### Exercise aim
Please take the lines from the one holding "4 Inch Herb" through the one holding "数据显示,2022年前4月,海南全省只有" in the data below and copy them exactly.

*** Opening of Provided entries ***

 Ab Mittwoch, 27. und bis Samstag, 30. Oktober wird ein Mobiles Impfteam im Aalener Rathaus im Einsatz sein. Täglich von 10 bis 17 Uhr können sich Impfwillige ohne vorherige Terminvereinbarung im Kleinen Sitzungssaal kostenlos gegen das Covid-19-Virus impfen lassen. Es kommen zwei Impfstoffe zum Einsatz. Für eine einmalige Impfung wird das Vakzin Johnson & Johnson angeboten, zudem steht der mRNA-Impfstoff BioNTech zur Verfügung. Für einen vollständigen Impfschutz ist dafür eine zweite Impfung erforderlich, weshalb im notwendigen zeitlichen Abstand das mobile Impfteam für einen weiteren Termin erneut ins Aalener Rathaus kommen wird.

*** Close of Provided entries ***
*** Opening of Provided entries ***

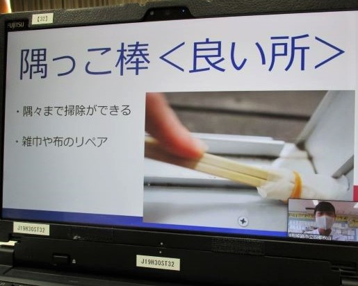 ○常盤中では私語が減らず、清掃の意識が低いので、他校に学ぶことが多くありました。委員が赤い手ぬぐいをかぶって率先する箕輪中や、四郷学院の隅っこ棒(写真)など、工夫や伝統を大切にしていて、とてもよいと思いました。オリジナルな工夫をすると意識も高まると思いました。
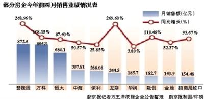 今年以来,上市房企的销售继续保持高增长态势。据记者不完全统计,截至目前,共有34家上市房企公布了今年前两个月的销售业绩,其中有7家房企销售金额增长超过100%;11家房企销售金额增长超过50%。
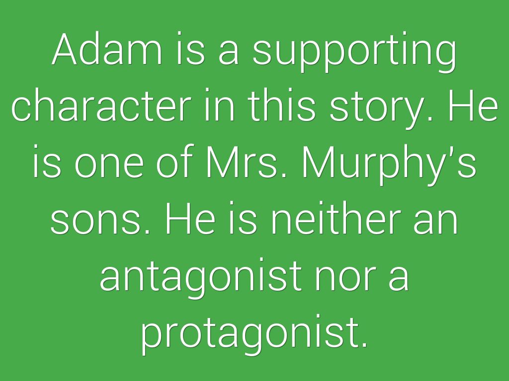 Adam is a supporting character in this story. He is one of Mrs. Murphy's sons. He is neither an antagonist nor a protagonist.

*** Close of Provided entries ***
*** Opening of Provided entries ***

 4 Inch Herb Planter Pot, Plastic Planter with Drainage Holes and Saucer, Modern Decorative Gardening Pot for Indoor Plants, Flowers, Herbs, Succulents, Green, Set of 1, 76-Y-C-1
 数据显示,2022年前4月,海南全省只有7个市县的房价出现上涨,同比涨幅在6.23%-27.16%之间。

*** Close of Provided entries ***

### Task solution
 4 Inch Herb Planter Pot, Plastic Planter with Drainage Holes and Saucer, Modern Decorative Gardening Pot for Indoor Plants, Flowers, Herbs, Succulents, Green, Set of 1, 76-Y-C-1
 数据显示,2022年前4月,海南全省只有7个市县的房价出现上涨,同比涨幅在6.23%-27.16%之间。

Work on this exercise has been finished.